Positive and negative strands are scanned and values above threshold are reported.

Parameters

  • PValue / 1K -
  • Use Thr. - Use threshold - if checked, use a user-input threshold rather than a calculated threshold for scoring a match.
  • 13K Set - If not checked (default), use the random background sequence described above. If checked, use the 13K sequences as background.
  • Iterations -
  • Pseudocount - a small-sample correction factor (default 1.0). See above description.

Results

Total hits and Seqeunces with hits

  • Expected -
  • Actual -
  • Enrich. p-value -
  •  % with hits

5' hits and 3'hits

  • Expected -
  • Actual -

The Sequence tab

T Promoter Sequence.png

Scan Implementation

Normalization and the Pseudocount

The count matrices are normalized to frequencies using an algorithm which includes a "pseudocount" (see Nishida 2009). The pseudocount is a way to compensate for the effects of small sample sizes in the original observations used to generate the profiles. Nishida et al. studied how to determine an appropriate value for the pseudocount. They found that the optimal values were independent of the sample size and were correlated with the entropy of the original matrices. They say that this implies that the less-conserved the binding site, the larger a value should be used for the pseudocount. They find that 0.8 is a good value "for practical uses". They do not recommend use of the square root of the total count.

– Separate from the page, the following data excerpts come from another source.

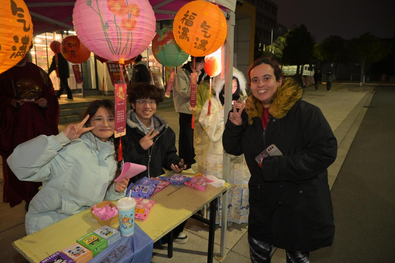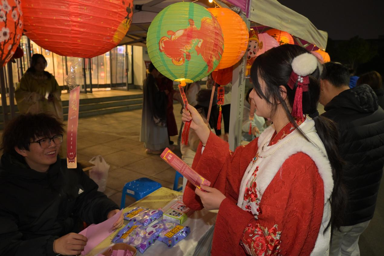 学生自主设计制作的花灯整齐摆放,猜灯谜环节兼顾民俗与专业,除传统谜题外,还加入电气知识、“双碳”能源等相关题目。汉服社同学的展演和笛音演奏,为活动增添了传统文化气息,与科技感花灯相互映衬。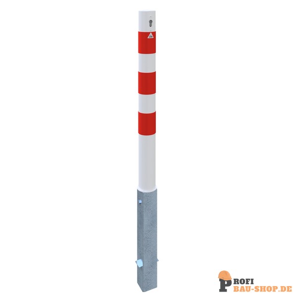 Schake Absperrpfosten Stahlrohr Ø 89 x 2,9 mm herausnehmbar mit Profilzylinder, feuerverzinkt und weiß beschichtet mit drei rot reflektierenden Leuchtstreifen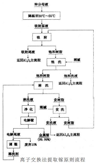 离子交换法:该方法从拜耳母液中回收金属镓,无需往铝酸钠溶液中加任何试剂,不会影响氧化铝生产工艺,且其工艺流程短,周期作业,易于实现自动化操作,成本较低,是目前从氧化铝生产中回收镓的最经济的方法,并且已经实现了工业化生产。

geWorkbench allows a pseudocount factor to be directly entered, or it can be selected to be the square root of the total count of sequences used to generate the profile. Prior to geWorkbench 1.8.0, setting the pseudocount to the square root of the total counts was directly coded and not changeable. The current default is to set the pseudocount equal to 1.0.

The normalization forumula used in calculating frequencies is then, where b is the pseudocount, and counts(i, j) is the observed count in a particular entry in the matrix,

freq(i, j) = (counts(i, j) + b/4) / (totalCounts + b).


The resulting frequency matrix is used in the subsequent scan.

Because the pseudocount is a settable parameter, the frequency matrix is recalculated for each scan from the original counts.

Running and viewing a scan

  1. Hit Scan.
  2. Check the box "Show TFs".
  3. Hits of this motif against the sequences are displayed in the sequence window.

References

  • Nishida K, Frith MC, Nakai K. (2009) Pseudocounts for transcription factor binding sites. Nucleic Acids Res. Feb;37(3):939-44. link to paper
  • Sandelin A, Alkema W, Engstrom P, Wasserman WW, Lenhard B. (2004) JASPAR: an open-access database for eukaryotic transcription factor binding profiles. Nucleic Acids Res. Jan 1;32(Database issue):D91-4 (link to paper).
  • Schneider TD, Stephens RM. (1990) Sequence logos: a new way to display consensus sequences. Nucleic Acids Res. Oct 25;18(20):6097-100. (link to paper)
  • Vlieghe D, Sandelin A, De Bleser PJ, Vleminckx K, Wasserman WW, van Roy F, Lenhard B. (2006) A new generation of JASPAR, the open-access repository for transcription factor binding site profiles. Nucleic Acids Res. Jan 1;34(Database issue):D95-7.